Objectives: Using the Medicare Current Beneficiary Survey (MCBS) data, this study predicted the determinants of generic drug use among Medicare beneficiaries, using artificial intelligence (i.e. machine learning).
Methods: MCBS data from 2015 and 2016 were included with 26,163 beneficiaries. Multivariable logistic regression was applied to examine associations between generic drug use and key predictors. Random forest machine learning algorithm was used to test the accuracy and strength of predictors.
Results: The prevalence of generic drug use was 38 percent for the pooled sample (38.3% in 2015 and 37.7% in 2016). In the pooled cohort, significant predictors were age below 65 years, non-Hispanic white, education above high school, married, lower annual income (<$25,000), without dual Medicare and Medicaid coverage, without private insurance, having part D coverage, more than two limitations in activities of daily living, and more than 20 outpatient office visits (all: P< 0.05). In the predictive analysis using artificial intelligence (i.e. machine learning algorithm), number of outpatient visits, marital status, race, education, and age were the most important predictors.
Conclusions: Socio- demographic variables along with insurance characteristics were significantly associated with generic drug use under the Medicare program. Policy strategies to encourage generic drug use among higher income groups, non-Hispanic Blacks and less educated beneficiaries may be relevant. Further policy attention required to encourage generic drug use among Medicare beneficiaries with private insurance and part D drug coverage. Machine learning is relevant to explore predictors of generic drug use and other parameters in healthcare.

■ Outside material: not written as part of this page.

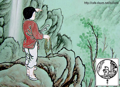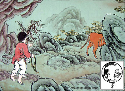 득우(得牛) 네번 째는 득우(得牛), 즉 '소를 얻다' 이니, 동자승이 드디어 소의 꼬리를 잡은 모습을 보여준다.

Keywords: Artificial Intelligence; Machine Learning; Generic Drug Use; US Healthcare System; Medicare; CMS Data
The U.S. healthcare system has been considering a variety of strategies to encourage the development and use of generic drugs over brand-name drugs, specifically under the Medicare program . According to the Federal Drug Administration (FDA), generic drugs are copies of brand-name drugs and have the same performance characteristics and quality as their branded counterparts . Generic drugs’ financial savings to the healthcare system is noticeable . FDA reports that generic medications can cost, on average 80 to 85 percent less to patients than the brandname equivalents . Even though generics share 89 percent of drugs dispensed, it only costs 26 percent of total drug costs in the U.S . In 2016 alone, generics saved $253 billion, while generics under Medicare saved $77 billion ($1,883 per enrollee) . With such savings, it can be better invested in medical research and developing new treatments . A recent study indicated that the use of generic medications was associated with comparable clinical outcomes to the use of branded counterparts, specifically for chronic conditions . Under the Medicare Act, the policy approach is to encourage generic drug use. However, it does also cover branded drugs . The Medicare Part D program entitles beneficiaries with branded drug coverage through a stand-alone Medicare Part D Prescription Drug Plan (PDP) or a Medicare Advantage Prescription Drug plan . If a brand-name medication is medically necessary, the out-of-pocket to the patients can be higher depending on their drug plan’s payment structure . Medicare prescription drug plans place drugs into different payment “tiers” with varied costs for each tier . Higher tiers typically have higher co-payments and/or coinsurance costs. In addition, every Medicare Prescription Drug Plan categorizes its covered drugs independently .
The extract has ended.